Star Wars’ Millennium Falcon Goes From Icon To Obsession

Via Smh.com:

It’s been built, battered, blasted and rendered in Lego. It can be bought in miniature, as a plastic playset for action figures. The deck plans can even be downloaded from the internet.
So how did a new picture of a really old ship – the Millennium Falcon, the iconic starship from the Star Wars franchise – end up making so much noise on social media?
The answer is, perhaps, it’s a sign of the times, where everything old is new again, and reinvention, rebooting and resurrection are the orders of the day.

That and the fact that it’s made the cover of Fortune magazine, the billionaire’s equivalent of New Idea.

The famous ship, first glimpsed in 1977 along with its pilot Han Solo (Harrison Ford) and Chewbacca (Peter Mayhew), has become an iconic piece of starship architecture.
It is a modified YT-1300 light freighter manufactured by the Corellian Engineering Corporation.

The audience first saw it when Luke Skywalker (Mark Hamill) and the venerable Jedi knight Obi-Wan Kenobi (Alec Guinness) chartered it to take them from the desert planet Tatooine to Alderaan, so they could deliver the stolen Death Star plans to the Rebel Alliance.

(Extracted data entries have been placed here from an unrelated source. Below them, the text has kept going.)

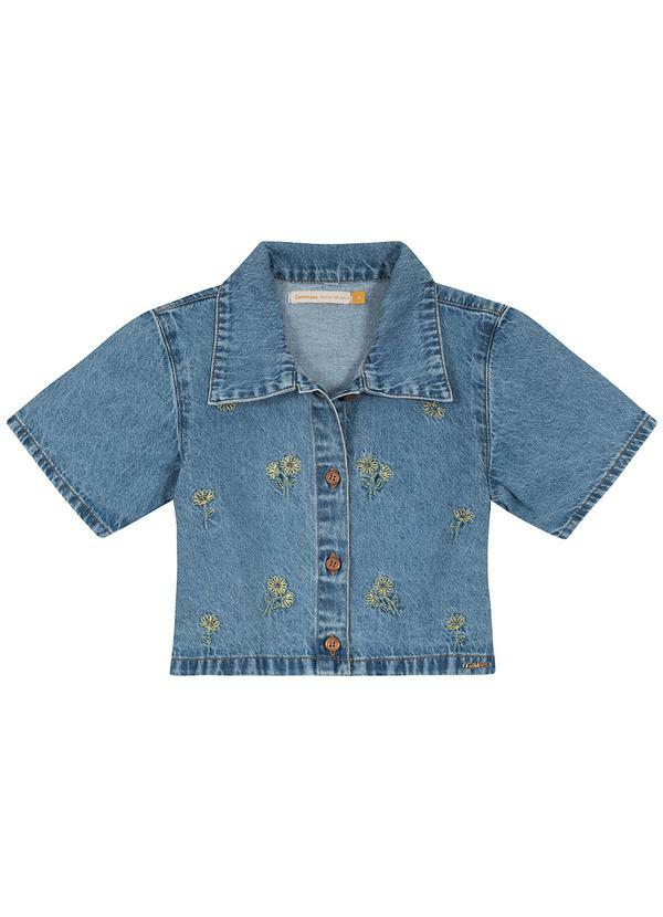 Carinhoso - Camisa Azul Claro Cropped Jeans Bordada Menina
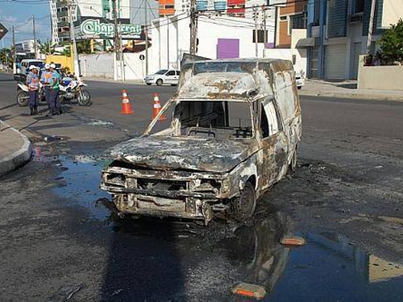 Carro movido a gás pega fogo em Mangabeiras
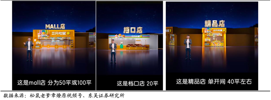 經(jīng)典案例:根據(jù)松鼠老爹章燎原視頻號、東吳證券研究所等綜合資訊表明,三只松鼠多店型推出務(wù)求快速擴(kuò)張密度布局。公司推出店型矩陣,適配不同社區(qū)商圈,不同店型以現(xiàn)制炒貨和差異化零食產(chǎn)品結(jié)構(gòu)滿足不同需求。包括旗艦店(120-150平)、標(biāo)準(zhǔn) 店(80-100平)、精品店(40平左右)、mall 店(50 平或 100 平)、檔口店(20 平)。
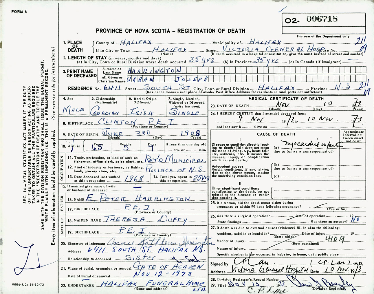 Male Death Registration: Year: 1973 number: 6718
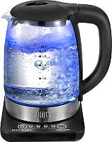 Электрочайник Holt HT-KT-001 (черный); Мощность: 2200 Вт; Объем: 2 л; Подставка: с возможностью вращения; Материал корпуса: стекло; Терморегулятор: есть
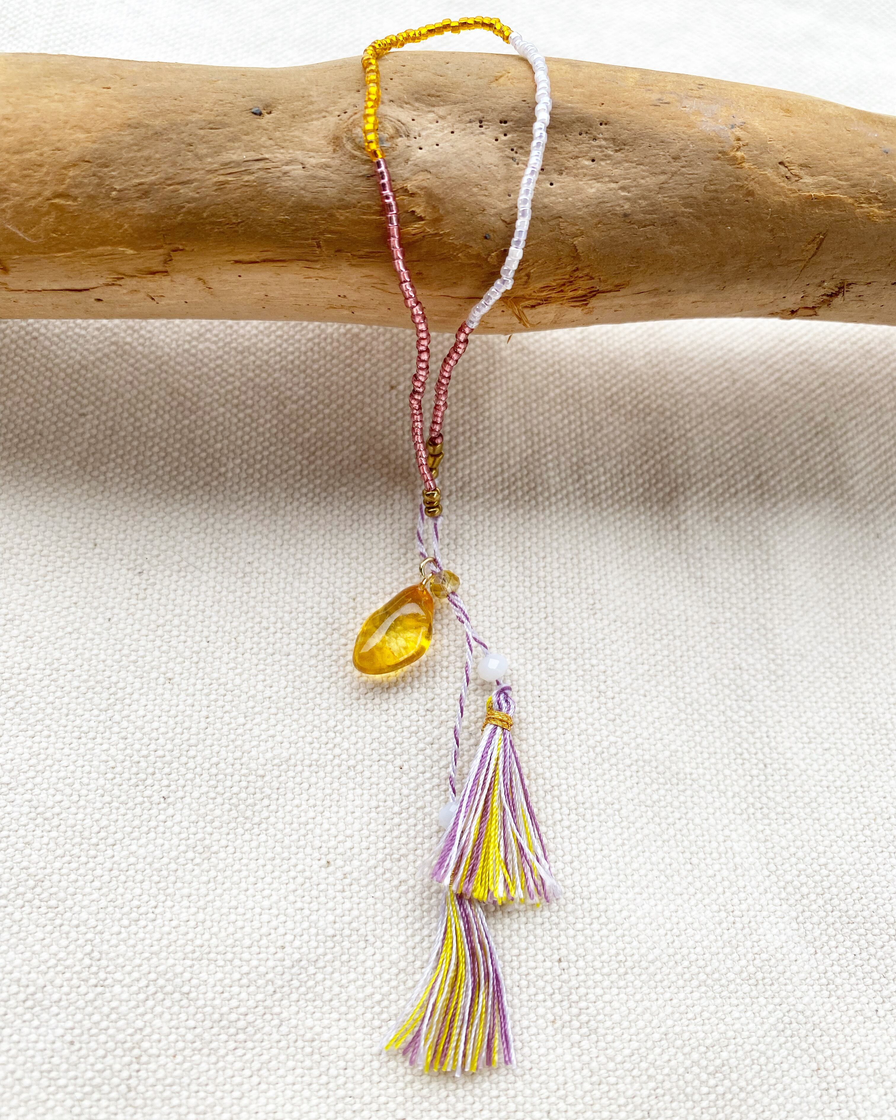 タッセル付きビーズブレスレットはとても細く繊細な商品です。
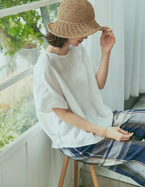 ナチュラルな風合いも涼しげで夏のスタイルにぴったり。
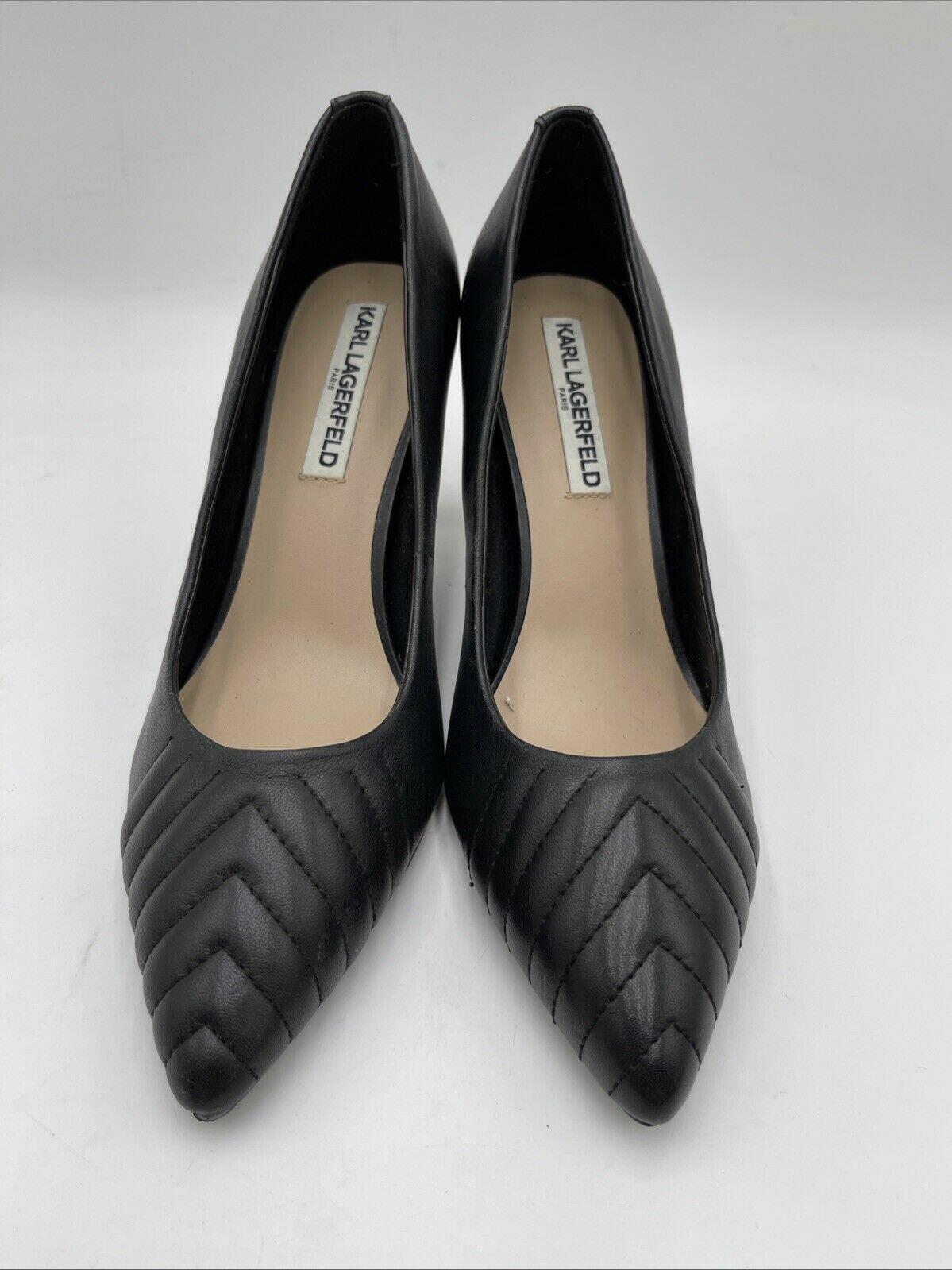 Karl Lagerfeld ROULLE Black Leather Pointy Toe Slip On High Heels Womens 8M/38.5 - Very Good - Ufashion Karl Lagerfeld ROULLE Black Leather Pointy Toe Slip On High Heels Womens 8M/38.5 - Very Good - Ufashion
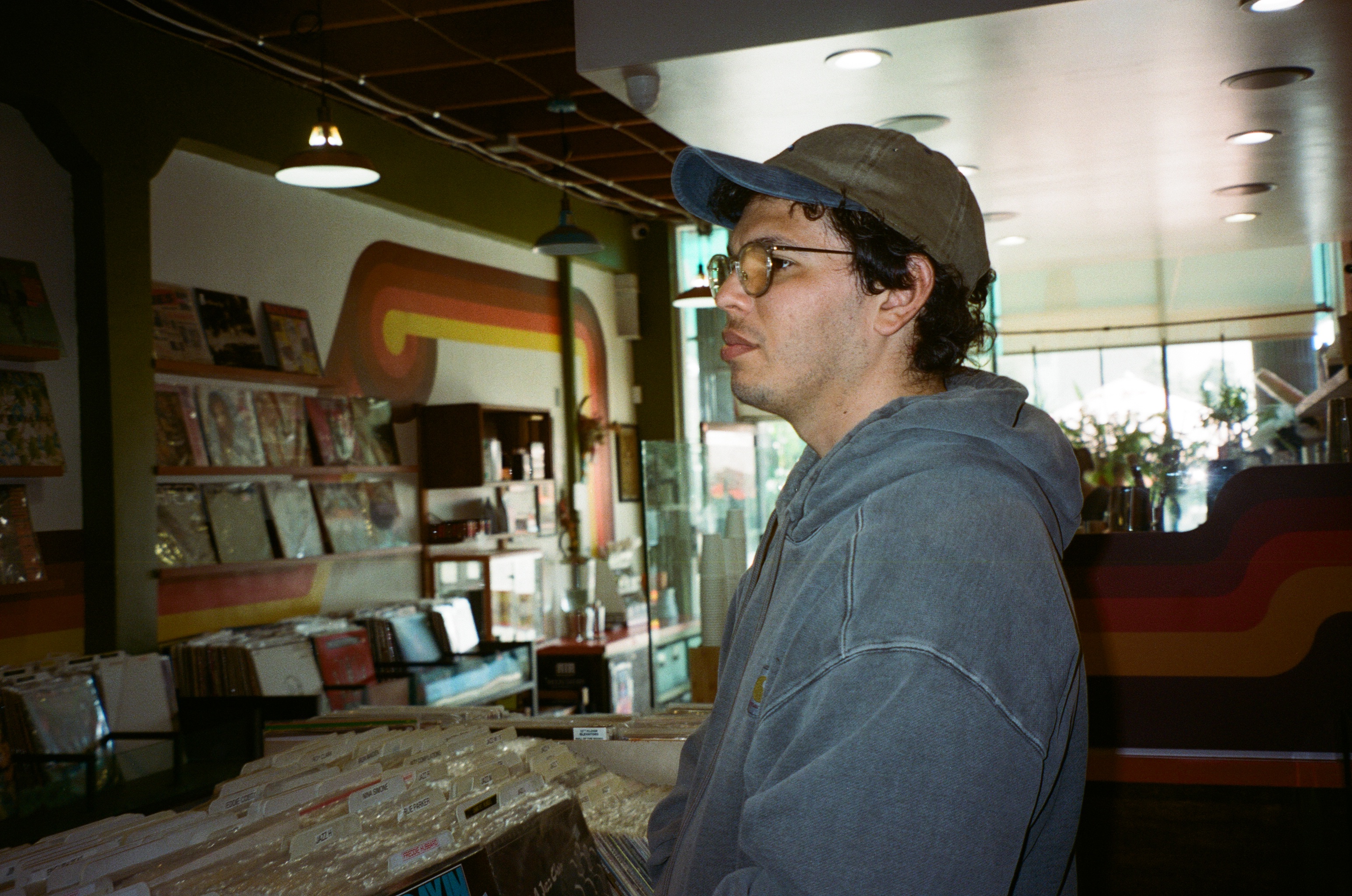 I got to sit down with Nacho at Cosmic Vinyl, a warm, eccentric vinyl/coffee shop in the heart of Echo Park, to get the inside scoop on his new album and dig in on details of his origin story leading up to the big release. Before we dove in, I ordered a typical LA afternoon pick-me-up (lavender oat milk matcha latte) while Nacho stuck with his handy dandy R.E.I. water bottle. Clocking my surprised, mistrusting look, he offered a quick explanation of how his esteemed acupuncturist recently directed him to 86 caffeine and substitute water, the miracle liquid. I quickly learned that Nacho had a detailed explanation for all of his decisions, no matter how big or small.
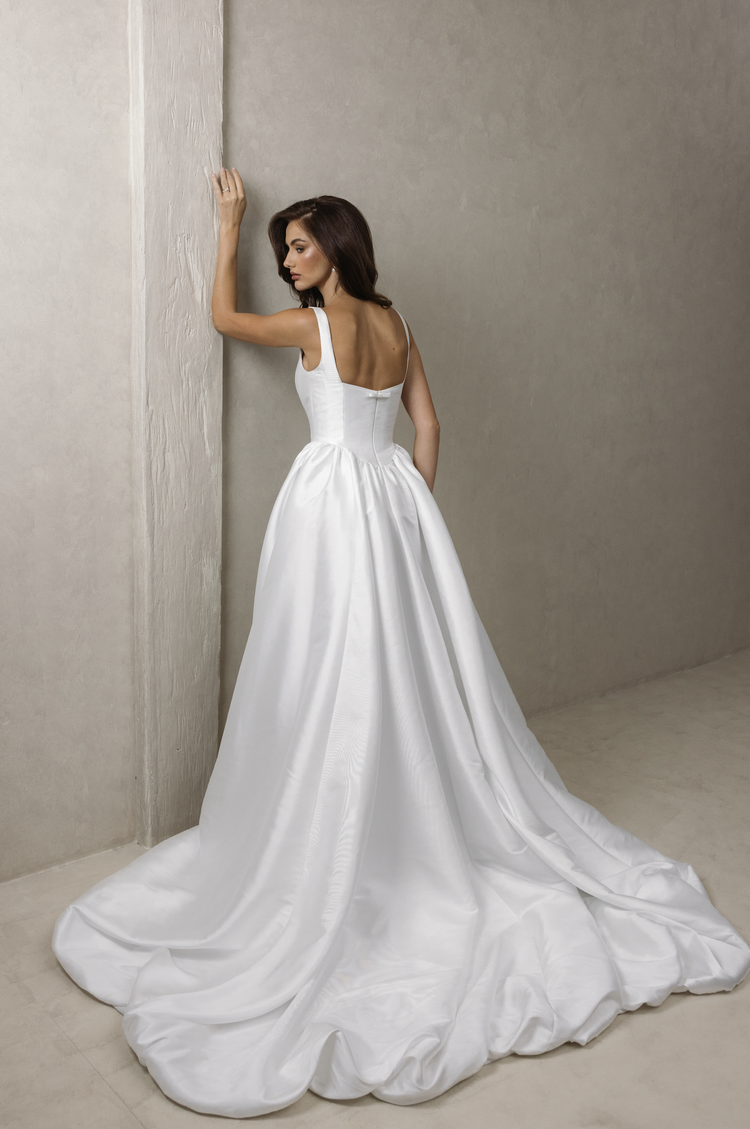 Crafted from our signature mikado, Natalia features a flattering square neckline and back with a low basque waist that beautifully elongates the figure. A delicate bow detail tops the back zipper, adding just the right touch of detail. The A-line skirt finishes with a bubble hem, creating soft fullness and graceful movement.
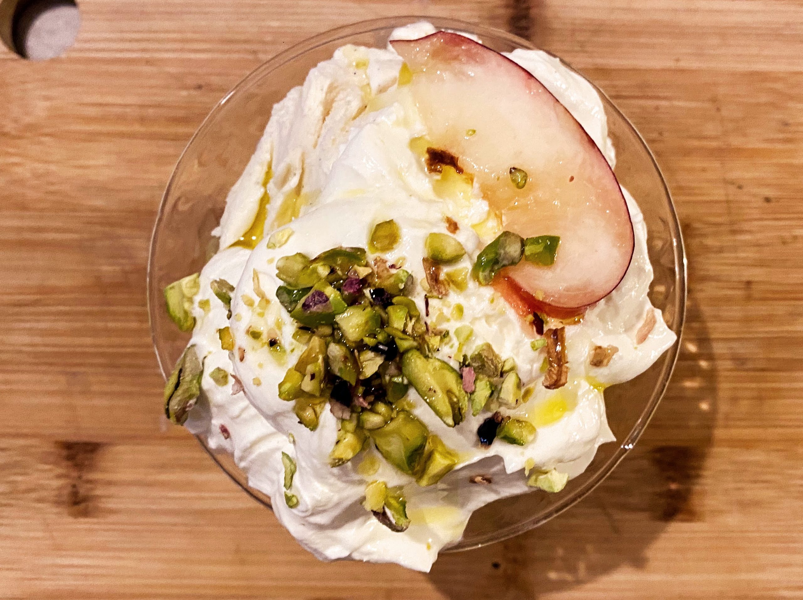 - Déposez 2 cuillères de votre préparation à base de pêches, déposez 2 boules de glaces puis recouvrez avec votre chantilly. Parsemez vis pistaches broyées puis un filet d'huile d'olive240 gr. Crème glacée vanille, Huile d'olive, 1 poignée Pistaches décortiquées
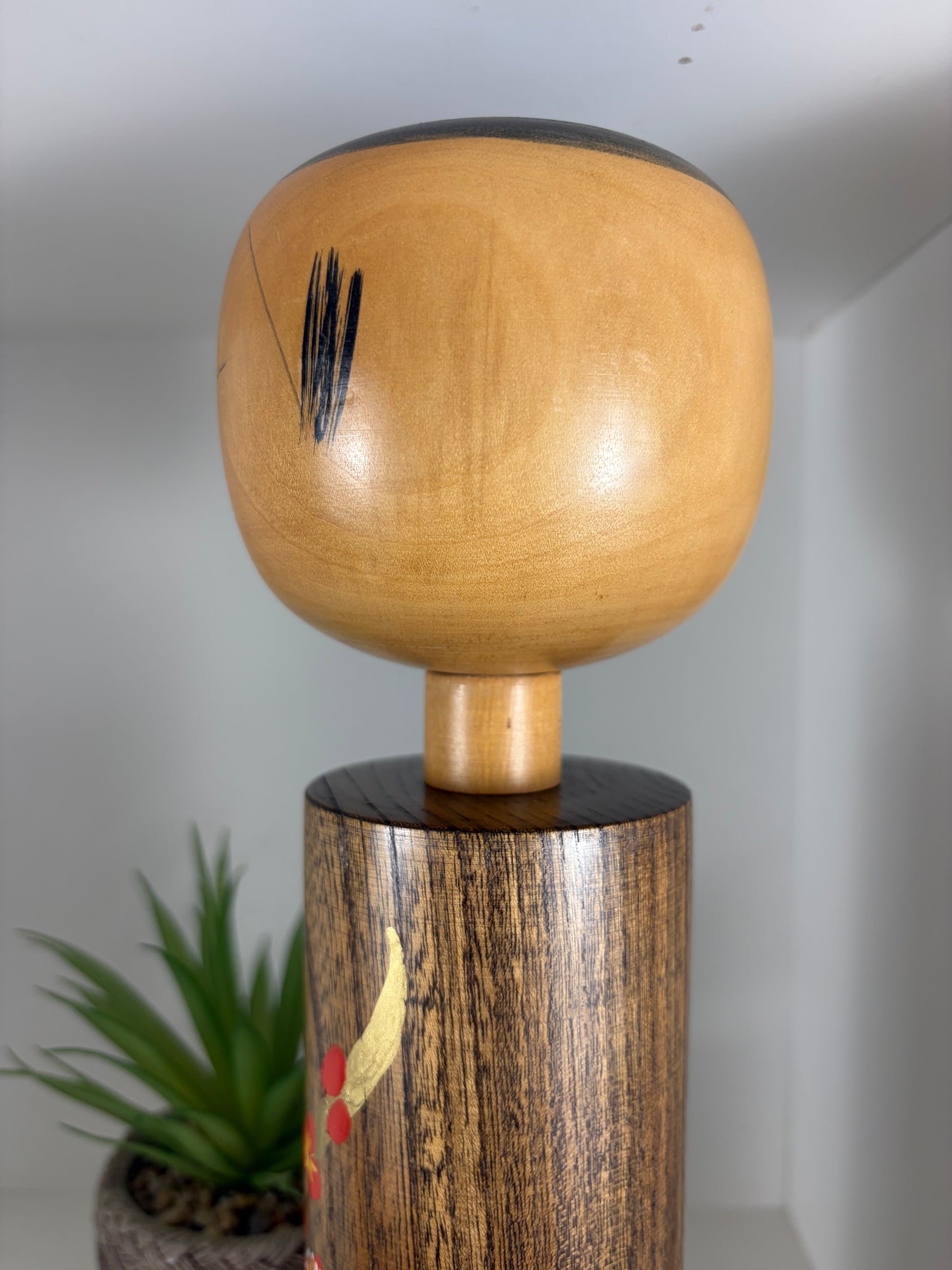Overall, this kokeshi reflects Takahashi Hashime’s signature style: a harmonious blend of simplicity, craftsmanship, and symbolic floral imagery. It is a timeless piece that celebrates both the beauty of natural materials and the quiet elegance of traditional Japanese folk art.
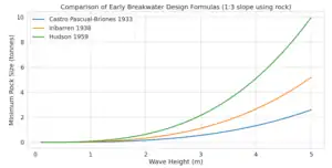 Iribarren had studied under Eduardo de Castro Pascal, who in 1933 proposed a formula for the design of breakwaters which he had developed based on earlier work by Briones.[40] The De Castro Pascual-Briones (1933) formula is:
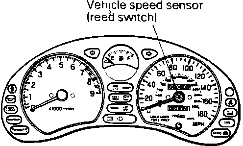 Vehicle speed sensor, located in the main instrument cluster in the speedometer unit.
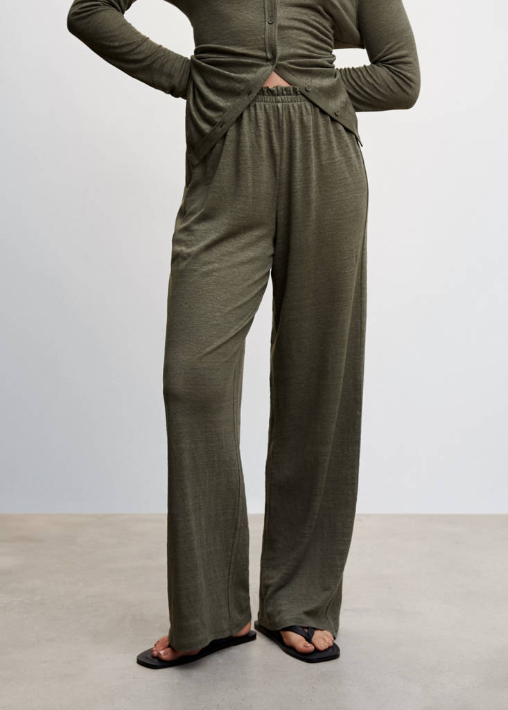 100% linen fabric. Fine knit fabric. Flowy fabric. Long design. Wide-leg design. Elasticated waist. Co-ord

It is also returning to the screen almost four decades later in the upcoming film The Force Awakens, the seventh film in the Star Wars cycle; the first of a final trilogy hinted at by Star Wars creator George Lucas as far back as the late 1970s and early ’80s.

It is also the first Star Wars film to be cranked out of the Disney studio since the company acquired Lucasfilm for $US4 billion in 2012.
And that’s actually why it’s on the cover of Fortune magazine: as a photo prop in a profile of Disney boss Bob Iger who, the magazine declares, “brought the coolest innovations from Lucasfilm, Pixar, Marvel and ESPN into the Disney galaxy.”

The magazine is pushing the line that it’s the first “close-up” look at the new Falcon, though with respect the “new” Falcon isn’t much changed from the “old” one.
The most significant change is a new rectangular radar dish which replaces the old round one, which was destroyed during the attack on the second Death Star in the sixth Star Wars film, Return of the Jedi.

But that isn’t a revelation: fans first got a glimpse of that when Disney released the teaser trailer for The Force Awakens in November.

Perhaps of more interest to die-hard fans is an image of the Millennium Falcon standing on a film sound stage at the iconic Pinewood Studios in England.

And the real thrill there is not even in the detail the image offers, but confirmation that in an era where CGI effects have largely overtaken blockbuster filmmaking, The Force Awakens’ director J.J. Abrams has built a life-sized Millennium Falcon prop to play with.

Tragically, however, even that is a bit of a fudge.
The magazine has confirmed Iger was photographed in New York and digitally matted into the Pinewood image by Lucasfilm’s special effects division, Industrial Light & Magic.